- Created on 17 October 2016
Council responds to the tenants questions about the Heygate estate.
The scandal surrounding the disposal of the Heygate Estate is sadly a gift that keeps on giving.
From the evictions of council tenants and leaseholders and their dispersal wherever (and this was never social cleansing!); to pretty much gifting the land to Lendlease, the 'developer partner'; to allowing unprecedented planning policy 'departures'; to wasting Southwark residents' money to fight Southwark residents in court to prevent them from knowing the truth about 'viability', Southwark's done it all.
Most recently, chair of Southwark's Tenant Council received a response to their questions about the costs incurred around the sale, demolition etc of the estate:
|Heygate sold for||-£50,000,000.00*||-£50,000,000.00|
|rehousing council tenants||-£5,779,000.00||-£113,560,000.00|
|all other costs||-£1,819,000.00||-£115,379,000.00|
|Money received for sale||£18,300,000.00||-£99,133,000.00|
|Money received for demolition||£16,499,000.00||-£82,634,000.00|
(* the sale of the Heygate wasn't what you'd call a straight exchange, where council said, 'Give us £50M' and Lendlease obliged. To date, the council received £18.3M out of the 50. Another £10.7M is due in 2016/2017, and the final £21M is due between 2017 - 2020. You can download the response below)
So, at the moment, regeneration of a single estate means we who live in Southwark now are £83M short. And the £83M is really just the tip of the iceberg as it does not include the appalling, deliberate loss of council homes (11,000 new ones doesn't begin to address this at all), the despair and anguish caused to one too many former resident who just wasn't good/rich enough, it does not include the catastrophic damage to the environment (trees, 600+ parking spaces), it does not include the scandalous privatisation of public land and public spaces and so on.

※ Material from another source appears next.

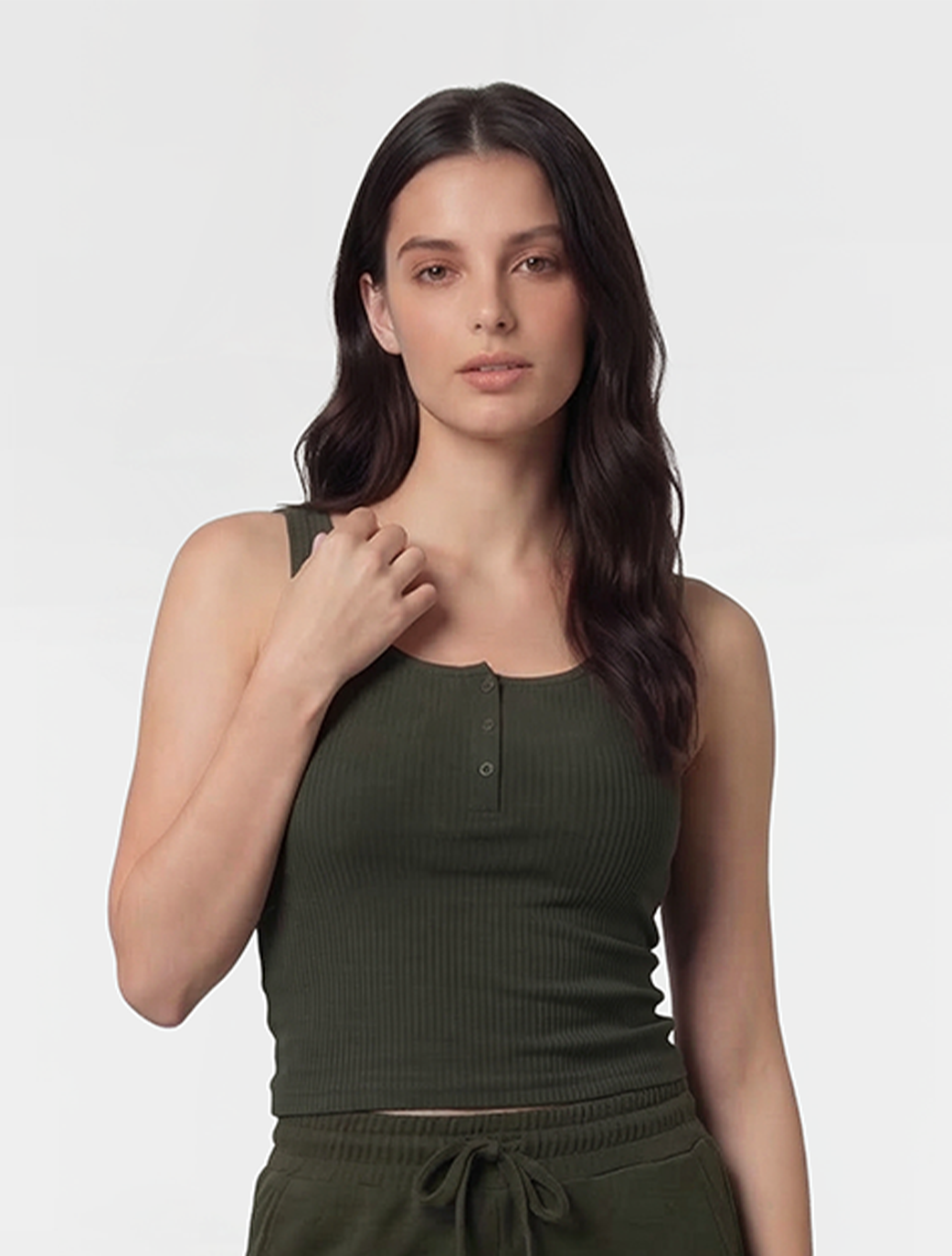 This piece features a rich, earthy Kaki tone that brings a touch of nature-inspired sophistication to your loungewear lineup. Designed with a flattering ribbed texture and a minimalist aesthetic, it’s the perfect balance between casual comfort and refined style. Whether you're pairing it with tonal joggers or your favorite denim, this top is a must-have for a grounded, chic look.

From the moment the Labour administration signed the contract in 2010, they spoke about all that huge profit they were going to make at some distant point in the future. This fantasy profit is called 'overage' in formal speak and turns out it isn't likely to happen at all. Some of us have been saying this for a while, as the 'branching out' is what business does to keep the money 'in the house', ie create a myriad of 'children' companies so the parent company (which signed a contract with, say, a local authority partner) itself isn't in fact making any 'profit' so can't share any with the 'partner'.
The council response to the Tenants Council states "the council is entitled to 50% of any profit or planning overage. The sums payable under this heading will only be known when the scheme is fully complete in 2025 and all costs and receipts have been accounted for."
Turns out this isn't quite what the rest of us would call 'true'.
35% campaign have put in a number of Freedom of Information requests about this and got the following answers:
In April 2016, "Please also note that under the terms of the regeneration agreement and profit or planning Overage is only payable to the council at the end of the project. A review of overage will be undertaken at the end of each development phase. Lend Lease have informed the council that no overage is forecast at the end of phase 1 [Trafalgar Place]." (italics are ours)
In June 2016, extract from the Elephant Business Plan quoted the following:
(you can read a lot more about this on the 35% campaign website)
In which universe has this been a success? Or different from all the other 'regeneration' projects Southwark is giving over to 'developer partners' across the borough?